La vicenda rappresentò uno spartiacque nel modo di fare televisione. Attorno ai tubi catodici si radunò tutta l’Italia, stretta nella commozione e nella partecipazione emotiva. Però la deriva che seguì, avrebbe potuto essere gestita meglio…
La nascita della "tv del dolore" si fa risalire proprio a qui, alla storia di Alfredino: telecamere, una diretta televisiva durata diciotto ore… Probabilmente possiamo concedere il beneficio di una certa ingenuità, in fondo era la prima volta che succedeva una cosa del genere. Ma da lì in poi, la cosiddetta "tv del dolore” è arrivata a conseguenze veramente terribili. Come scrive il filosofo coreano Byung-Chul Han, siamo diventati una società "algofobica", incapace di affrontare il dolore e di trarne fuori qualcosa di buono. Mi viene sempre in mente quel famoso sketch tra Pino Daniele e Massimo Troisi, in cui Troisi dice a Pino Daniele: "Vabbe', ma tu pe' fa 'na canzone devi soffrire poco, perché 'na canzone dura due o tre minuti, io pe' fa' 'nu film, che dura due ore, devo soffrire assai!".

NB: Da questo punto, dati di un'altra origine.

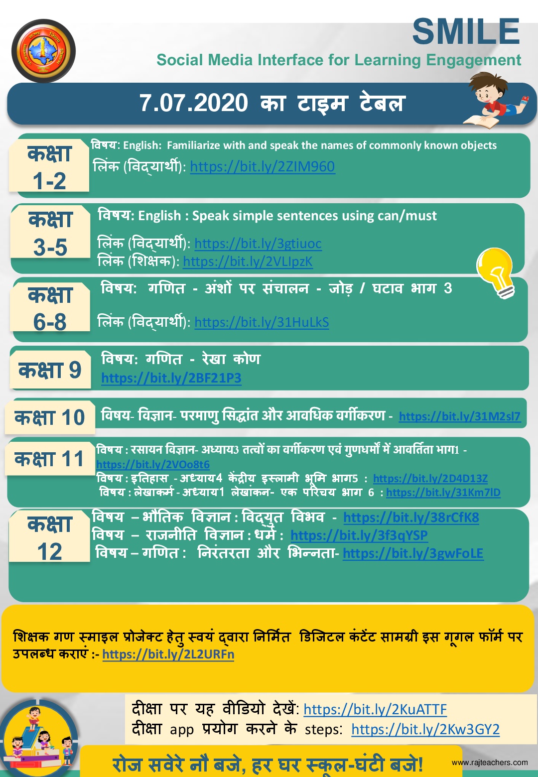 SMILE | बच्चों के लिए | कक्षा 1-12 | दिनांक : 07.07.2020

Visto che citi Troisi, non possiamo non fare riferimento al tuo lavoro di attore. Portare le emozioni davanti a una telecamera si lega, in qualche modo, al metterle su carta?
In realtà no: in nessun modo! A questo tipo di domanda di solito rispondevo dicendo “Il lavoro dell'attore è il lavoro di uno che è abituato a stare davanti a una fonte di luce, ad essere guardato dagli altri. Lo scrittore invece punta questo proiettore sugli altri, li osserva e dopo scrive”. Poi ho raffinato questo pensiero, ho capito che nella scrittura non c'è “l'ingombro del corpo”. Quando fai un mestiere come il mio la gente ti riconosce, conosce i tuoi personaggi. Ecco, "l’ingombro del corpo" viene prima di te. Il romanzo invece ti consente un'altra forma di relazione, molto più intima.
A proposito di riconoscere i personaggi: raccontaci qualcosa della televisione…
Vedete i miei baffi? Ecco: questi vengono proprio dalla televisione! In questi giorni sto recitando Filumena Marturano a Barcellona, in catalano, e sta avendo un grandissimo successo. Per me questa è un'occasione strepitosa perché, da napoletano, conosco Filumena Marturano come tutti i testi di Eduardo. Ma per scoprirne la bellezza bisogna uscire e tornare a guardare da un altro punto di vista.
Già: anche in televisione, potremmo dire, c’è modo e modo… e poi c’è Bruno Modo, il personaggio che interpreti nelle fiction ispirate ai romanzi di De Giovani. Come hai approcciato quel personaggio?
Bruno Modo è stata una scommessa vinta grazie a due persone: Maurizio De Giovanni e Alessandro D'Alatri, il regista della serie. Bruno Modo è un anatomopatologo, quindi uno abituato ad avere a che fare con la morte, ma nonostante questo è un tipo allegro, uno a cui piace vivere. Modo, però, è anche un antifascista e in questo senso è anche un personaggio attuale. I romanzi di De Giovanni sono ambientati negli anni Trenta, ma le cose che mi sono ritrovato a recitare, sono perfettamente aderenti anche all’oggi.
Ultima domanda. A Milano, un napoletano come te ha diverse ragioni per diffidare di qualsiasi caffè gli venga offerto… ma ci vuoi dire, esattamente, in cosa sbagliamo?!
Io vivo a Barcellona e quindi questa battaglia del caffè ho smesso di farla orma tanti anni fa. In Un passo dal cielo, un’altra serie in cui ho recitato, impersonavo il commissario Nappi, un napoletano che vive sulle Dolomiti. Nelle prime sceneggiature, Nappi si lamentava sempre del caffè e della pizza, così un giorno ho detto agli sceneggiatori “Ma questo non è napoletano... questo è scemo! sta in uno dei posti più belli della terra... e si lamenta perché non ci sta 'a pizza!”. Ma, insomma, un po’ è vero, se uno si deve prendere un buon caffè… magari qualche centinaio di chilometri in più se li deve fare!